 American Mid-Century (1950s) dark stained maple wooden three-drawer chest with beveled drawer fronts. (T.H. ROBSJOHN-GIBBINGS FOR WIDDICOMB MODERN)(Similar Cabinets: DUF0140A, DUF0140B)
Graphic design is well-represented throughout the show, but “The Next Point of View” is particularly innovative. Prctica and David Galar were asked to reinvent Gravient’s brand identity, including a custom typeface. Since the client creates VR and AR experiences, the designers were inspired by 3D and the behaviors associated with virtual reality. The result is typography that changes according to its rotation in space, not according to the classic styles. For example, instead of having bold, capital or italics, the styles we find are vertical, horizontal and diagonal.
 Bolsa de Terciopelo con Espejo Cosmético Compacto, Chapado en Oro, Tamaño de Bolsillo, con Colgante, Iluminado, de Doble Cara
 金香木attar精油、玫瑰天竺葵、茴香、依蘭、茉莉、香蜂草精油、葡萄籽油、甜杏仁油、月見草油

--

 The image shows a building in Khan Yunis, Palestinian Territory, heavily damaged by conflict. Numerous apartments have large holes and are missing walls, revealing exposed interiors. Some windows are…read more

**Required action:**
Wherever the word "with" appears in the listing, copy the line that holds it.

**Task solution:**
 American Mid-Century (1950s) dark stained maple wooden three-drawer chest with beveled drawer fronts. (T.H. ROBSJOHN-GIBBINGS FOR WIDDICOMB MODERN)(Similar Cabinets: DUF0140A, DUF0140B)
Graphic design is well-represented throughout the show, but “The Next Point of View” is particularly innovative. Prctica and David Galar were asked to reinvent Gravient’s brand identity, including a custom typeface. Since the client creates VR and AR experiences, the designers were inspired by 3D and the behaviors associated with virtual reality. The result is typography that changes according to its rotation in space, not according to the classic styles. For example, instead of having bold, capital or italics, the styles we find are vertical, horizontal and diagonal.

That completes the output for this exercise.